= Colin Burgess (archaeologist) =

English archaeologist (1938–2014)

Colin B Burgess (1938–2014) was an archaeologist specializing in the Bronze Age, especially in the north east of England and the Mediterranean.

==Biography==
Originally from London, Burgess studied at Cardiff University, where he wrote an undergraduate dissertation on bronze-age metalwork from the Thames.

For most of his career, he worked at Newcastle University, where he focused on the archaeology of north east of England, and formed relationships with both amateur archaeologists and international scholars.

Sometime in or after the 1980s, Burgess moved to France, having grown "disillusioned" with trends in British archaeology. (This disillusionment is expressed most forcefully in a note published in the 2001 reissue of his textbook, The Age of Stonehenge.) In this period he was particularly interested in the archaeology of Sardinia.

He returned to England for medical treatment towards the end of his life.

==Contributions==
In the 1960s, Burgess developed a scheme for Bronze Age chronology that is still in use today.
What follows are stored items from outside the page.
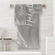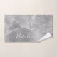 Easily personalize this silver brushed metal and glamorous faux glitter patterned bath towel set with your own custom name.
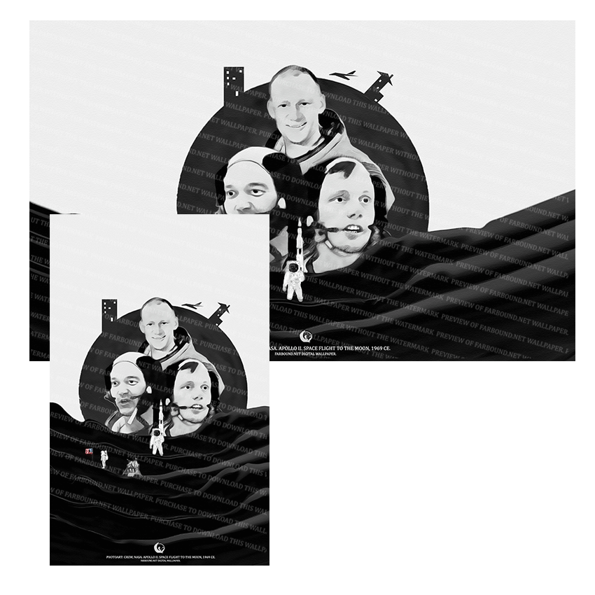 History: This Digital Wallpaper/Desktop Wallpaper/Desktop Background/Laptop Wallpaper/Mobile Phone Wallpaper/Outer Space Wallpaper for commemorating and remembering pioneers and astronauts, features a photoart presentation of Neil Armstrong, Buzz Aldrin, Michael Collins and the NASA space flight Apollo II. The Apollo II mission was the first successful space flight to the moon. The mission was launched in 1969 Ce and saw humans walk on the surface of the Moon. his digital wallpaper is part of the series, We were Pioneers and pays homage to Astronauts.
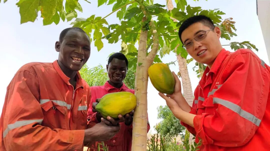 在位于撒哈拉大漠的长城钻探乍得项目基地里,一颗颗长势喜人的木瓜和芒果挂满枝头,基地分块种植的小萝卜、生菜等各类蔬菜,每到收获时节,中外籍员工们采摘水果和蔬菜共同分享。
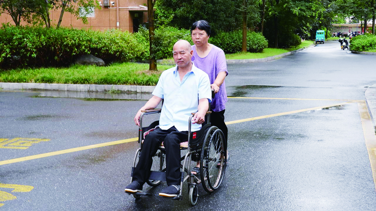 走进被石元竹打理得窗明几净的家时,张柏均正借着辅助工具练习站立,这是他日复一日的康复训练。天气好的时候,石元竹会推着他去楼下公园逛逛,呼吸新鲜空气。“推他出来透透气,身上清清爽爽,人家走过也不会嫌有味道。”石元竹笑着说。这朴素的体面背后,是她日复一日的辛劳:翻身、按摩、处理大小便……
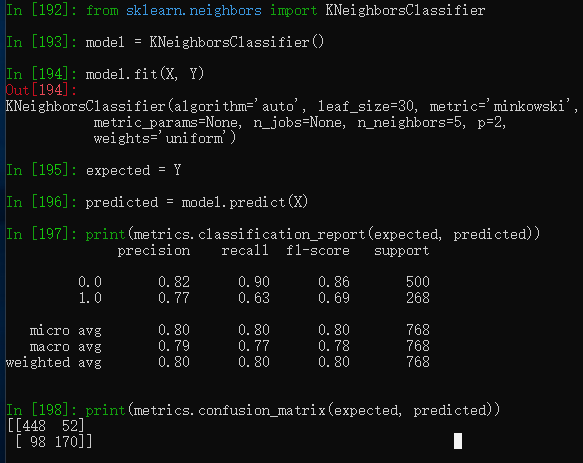 from sklearn import metrics from sklearn.neighbors import KNeighborsClassifier model = KNeighborsClassifier() model.fit(X, Y) print(model) expected = Y predicted = model.predict(X) print(metrics.classification_report(expected, predicted)) print(metrics.confusion_matrix(expected, predicted))
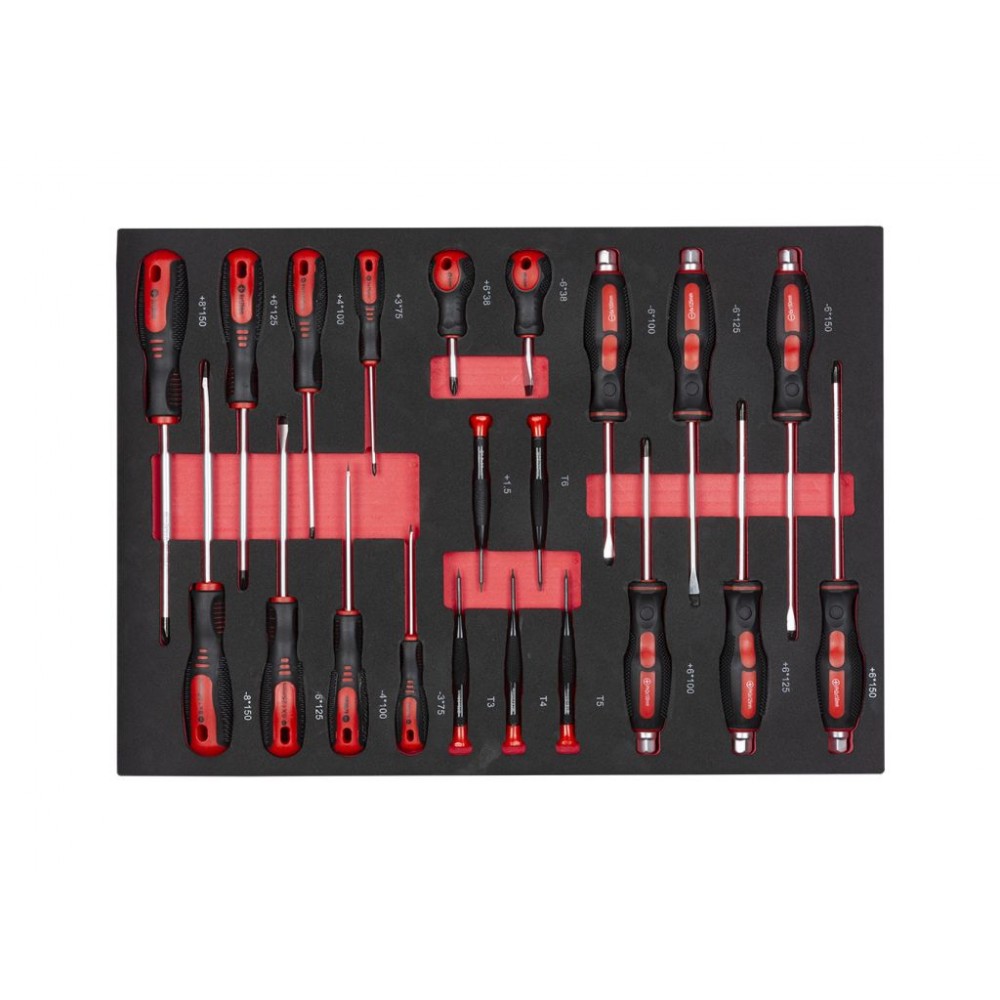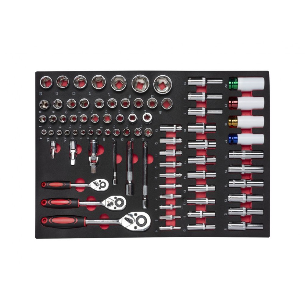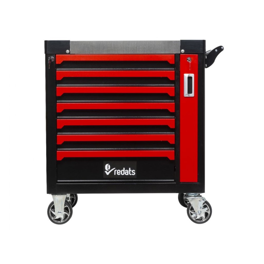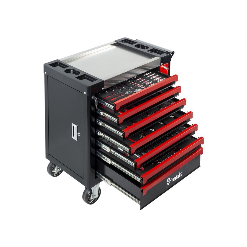 Візок з інструментом REDATS 7+2 стане відмінним придбанням для будь-якої ремонтної майстерні, адже він зручний, надійний і повністю укомплектований необхідним для робіт інструментом у кількості 258 одиниць. 7 містких ящиків з шарикопідшипниковими висувними механізмами легко відкриваються, тому ви швидко отримаєте доступ до потрібних інструментів. Поролонові ложементи запобігають зміщенню інструментів під час транспортування, а центральний замок дозволяє одним рухом закрити всі ящики. 2 перфоровані стінки, одна з яких висувна, а друга - бічна і закривається металевими дверцятами, дають змогу зберігати під рукою часто використовуваний інструмент.

He established the Bronze Age Studies Group, and international group of scholars that first met in 1976, and continued to meet as late as 2016.

Building on his undergraduate dissertation, his 1988 work, written with I. A. Colquhoun, The swords of Britain, catalogs over 800 examples of Bronze Age swords. Burgess and Colquhoun use methods from experimental archaeology to suggest that it took three weeks to manufacture a sword, with Bronze Age technology.

Burgess published on archaeological topics for a full five decades; his last publication appeared in 2012. For a list of publications, see the Colin B Burgess page at the Archaeology Data Service, as well as the Hommage.